On the occasion of the 30th Anniversary of The Scribe, we reprint selected articles from previous issues.

The Cellar Club

In 1970 the younger members of the Iraqi Community in London established their own club – The Cellar Club.

Samir Samra relates how it came about: Sitting with my wife Ingrid at a party, I heard somebody mumbling about a club. Positioning my ear a bit better, I find it is about the same old club that I had been hearing about since I arrived to this country but never seen. I then decided to move my whole head nearer to Ketty Shohet and Jimmy Shamash. We contacted Emile Cohen who was thinking about it as well. However, we did not understand what each one meant. A meeting was next arranged with Naim Dangoor (who had just established the Gardenia Club) and off we went, four of us; Emile Cohen, Edward Ezer, Jimmy Shamash and myself. Naim Dangoor gave us his blessings and we drove back happily.

At a plenarily meeting twenty of us were sitting round a table with Emile as Chairman and six committee members and their "Mishpaha". Then it dawned on me that each one of us had a different idea as to what the Club meant. Emile wanted a House of Parliament, Jimmy a restaurant, Charlie a discotheque; Soad and Samira a place to go to; Yvonne an educational institute. To me a club would mean nothing but a Qahwa (coffee house). The funny thing is that none of these tied up with the Seniors idea who wanted an undercover marriage bureau.

The Cellar Club, in the basement of the Gardenia Club, was declared open on the 25th January 1970 to a meeting of 40 or so people.

Historical note:

The Gardenia Club building was acquired in 1969 at the price of £19,000; the premises are now worth one million pounds.

The 1973 committee members of the club are introduced by the Editor of the Club journal, Emile Cohen, as follows:

Chairman: Jack Attraghji, known as the one-eyed Jack

Secretary: Vivi Shina, Queen of Sheba and Duchess of the Island of Waq Waq

Treasurer: Sami Dellal, Financial Advisor to the Bank of England and several firms in the City

Committee Member: Dora Tawfiq, Miss World 1900

Committee Member: Danny Dellal, one of the original members of the Ali Baba group

Committee Member: Sabah Rashti, Paul Newman in disguise

Committee Member: Nadia Shina, Cilla Black of the Cellar Club

The Club runs activities of various natures, basically serving to entertain and cultivate our members. Guests are welcomed and treated with respect and friendship until they pay their £2 membership!
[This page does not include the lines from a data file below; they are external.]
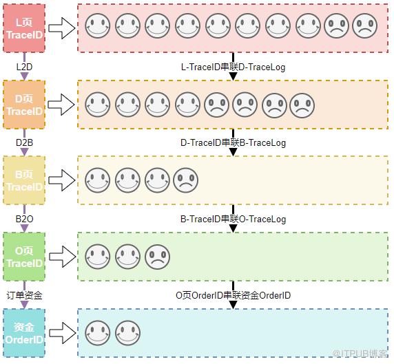 如图我们有十个用户访问了 L 页,其中两个不太满意也就不会进入下一个页面 D 页,也就是我们所谓的流失用户,同样用这两个用户的 L 页 Traceid 是在 D 页的 TraceLog 中找不到。
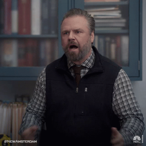 Dr Iggy Frome from New Amsterdam shows an annoyed and frustrated reaction, arms crossed.
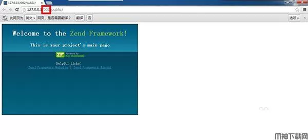 9、恭喜你,在地址栏输入http://127.0.0.1/zendframe/public显示界面,表明zend framework配置成功!
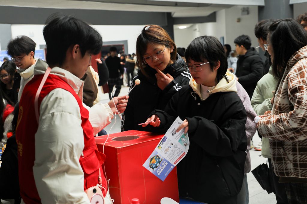 “黄金四分钟,你会做心肺复苏吗?”校团委开设的“‘救’在身边”校园急救知识宣讲摊位被围得里三层外三层。志愿者们利用模拟人,一边讲解一边演示,从胸外按压到人工呼吸,每一个细节都力求精准。不少同学在指导下亲自上手操作,现场学习气氛热烈。“学了急救技能,关键时刻能救命,这种志愿服务太硬核了!”物联网25-1班的杨娟华擦着额头的汗说道。
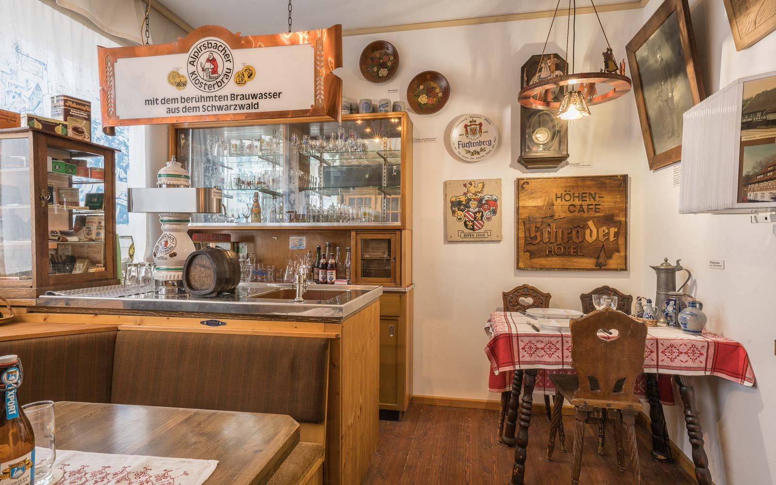 Unser Stammtisch mit Eckbank stand früher im „Café Schröder“, die prächtige Stammtischlampe beleuchtete Gäste der „Rose“ in Freudenstadt. Die Zapfanlage funktioniert noch – Sie brauchen es nicht ausprobieren und wenn sie einen noch so großen Durst verspüren – das Fass unter der Theke ist leer. Zum anderen verweist das Schild am Eingang darauf, dass heute leider Ruhetag ist.
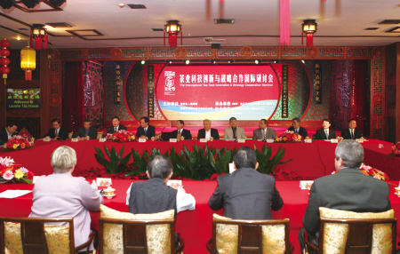 4月26日,作为2009′马连道国际茶文化节系列活动之一的“茶业科技创新与战略合作国际研讨会”在老舍茶馆举行。北京宣武区副区长范宝出席并主持活动。北京市投资促进局副局长王红专、宣武区长助理谢全林、中国茶叶流通协会秘书长吴锡端与来自中国、俄罗斯、哈萨克斯坦、印尼、泰国、蒙古、巴基斯坦等国的知名专家,国内茶叶协会和优秀茶企业代表及茶产区领导共计60余人参加研讨会。与会嘉宾围绕茶叶种植、加工、物流、销售等环节的科技创新、培育国际品牌、共同开拓国际市场、贸易对接等相关议题进行深度研讨,交流意见,以促进和推动中国茶业经济的不断发展。
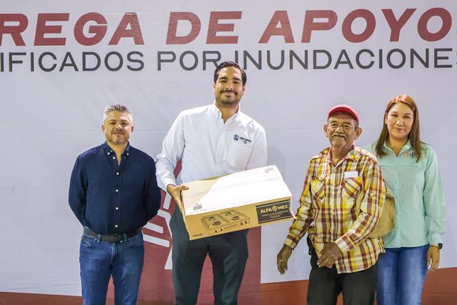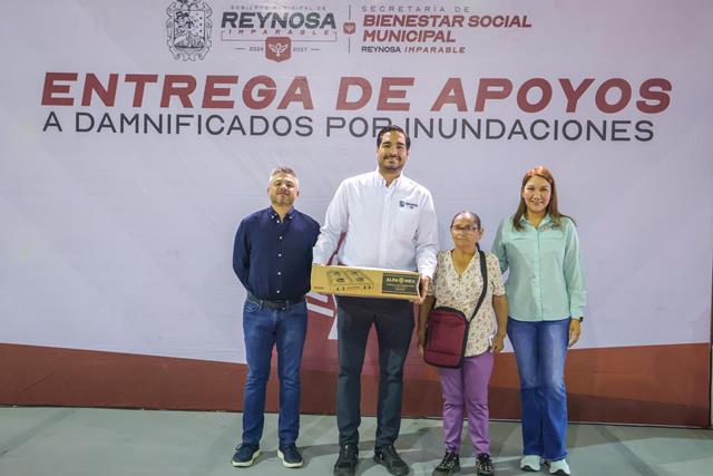 Entre los beneficiarios asistieron: Reymundo Treviño Pérez, María Gloria Garibaldi Castillo, María Salustia Muñiz Barrón y Fidel Martínez Prado; la ayuda humanitaria se sigue cumpliendo aparte aquellas familias damnificadas en más de 77 colonias, quienes han recibido refrigeradores, estufas, colchones, parrillas y kits de limpieza, procedentes de fondos municipales.
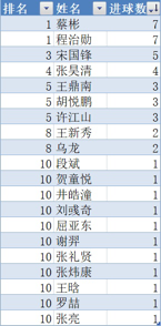 下表是射手榜,蔡彬与程治勋共同获得金靴
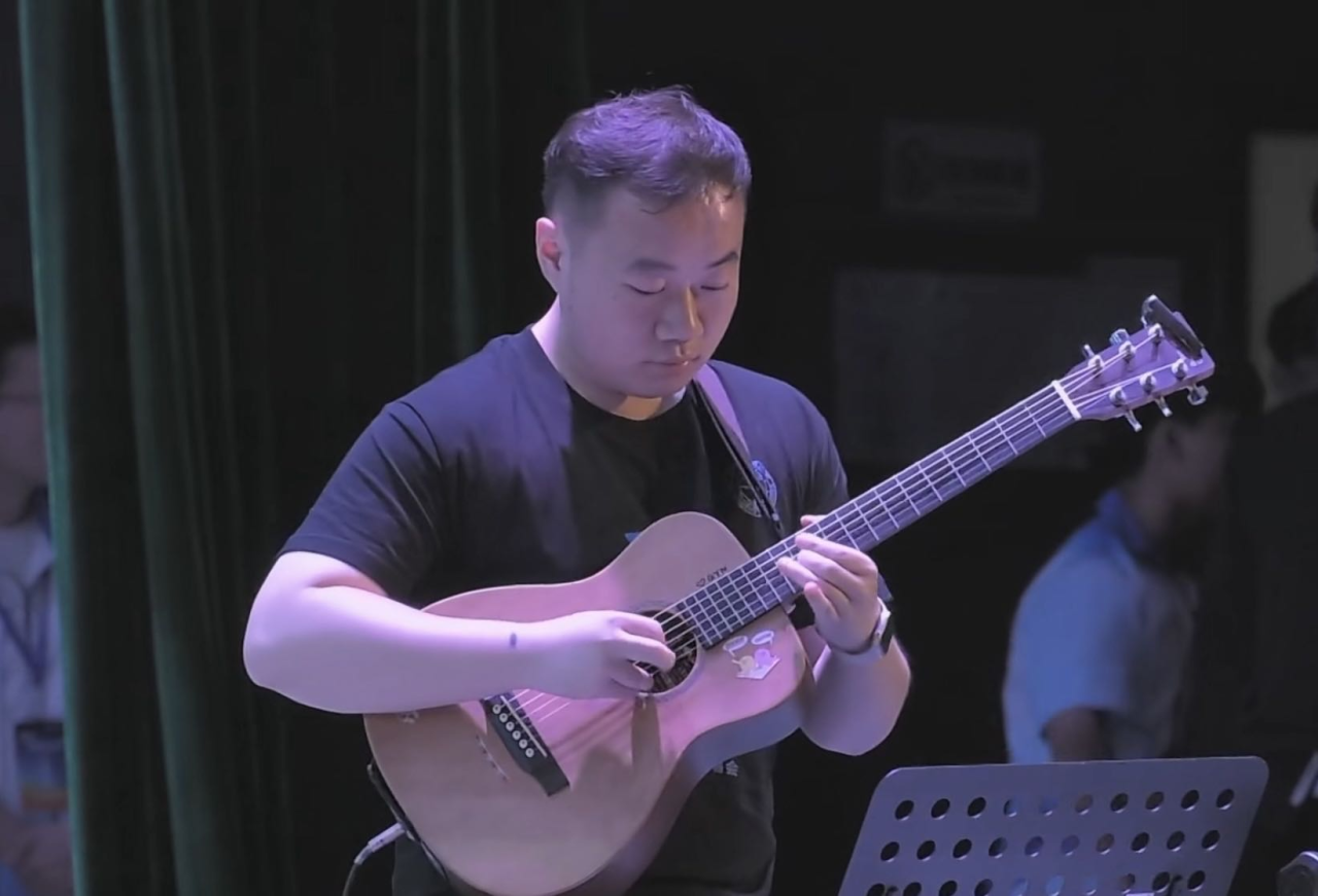 袁卓铭同学不仅在科研领域颇有所得,而且兴趣广泛,热衷于原创音乐的创作与编曲。从本科开始,便组建了武汉本土校园摇滚原创乐队,其中担任主音吉他手一职,曾受邀参加华中师范大学、武汉理工大学和武汉大学高校音乐节演出与LiveHouse演出,也曾代表肉漫屋 参加全国大学生音乐节,唱出属于CUGer的热血与青春。其乐队原创歌曲《我们终将再次相遇》更是收录为学校社团联合会的主题曲,在疫情爆发的艰难时期里,深深鼓舞着每个地大学子。

On the cultural side, talks, discussions and debates occupy a major part. General knowledge quizzes always manage to hold an attentive audience. Dancing parties with disco and flashing lights etc. are always popular, with food and booze amply provided.

The Cellar Band or the Doub-a-Doub is a musical group playing a variety of musical compositions from Victor Sylvester to the Beatles and in several languages. They established themselves in the late months of 1972 and in the months ahead they should gather momentum and score their successes.

We have also got a drama group which has produced several plays and shows with tremendous success. The Cellar Drama Group has captivated audiences of about 200 people a show.

The plays that were performed were: "Lock up your sons" – by David Gabbay. A year later, David Gabbay wrote another play "The Bible" and by then we were well established and had money to spend on production. Edward Ezer made some beautiful recordings of "God" and had various technical effect to exhibit. We had some new actors notably Freddy Zelouf who took the part of Samson and got so carried away in his acting that when he had a fight on stage (part of the play) with Jack Attraghji he broke three of Jack’s ribs. Good job he was not asked to kill Jack. The Bible was the best production we made and lasted for 21/2 hours.

The style of the two plays were comedies and this really is the basis of success. Iraqis, I think, would be very susceptible to serious dramatic plays. The success earned from these plays spurred others to write.

Emile Cohen wrote and directed a play in Arabic called "Yallah ya Shabab". This was a serious comedy with a lot of politiical motives and views and was one of the best acted plays. This was coupled with "The Marriage Broker", directed by Ezra Sopher starring Isaac Amber as a woman marriage broker. This was undoubtedly the funniest play of them all and the most successful.

1971 was a very good year for plays and in Christmas we made a show called "After Ramadhan.................Christmas" which was composed of funny sketches and songs and nearly all the people who took part were newcomers.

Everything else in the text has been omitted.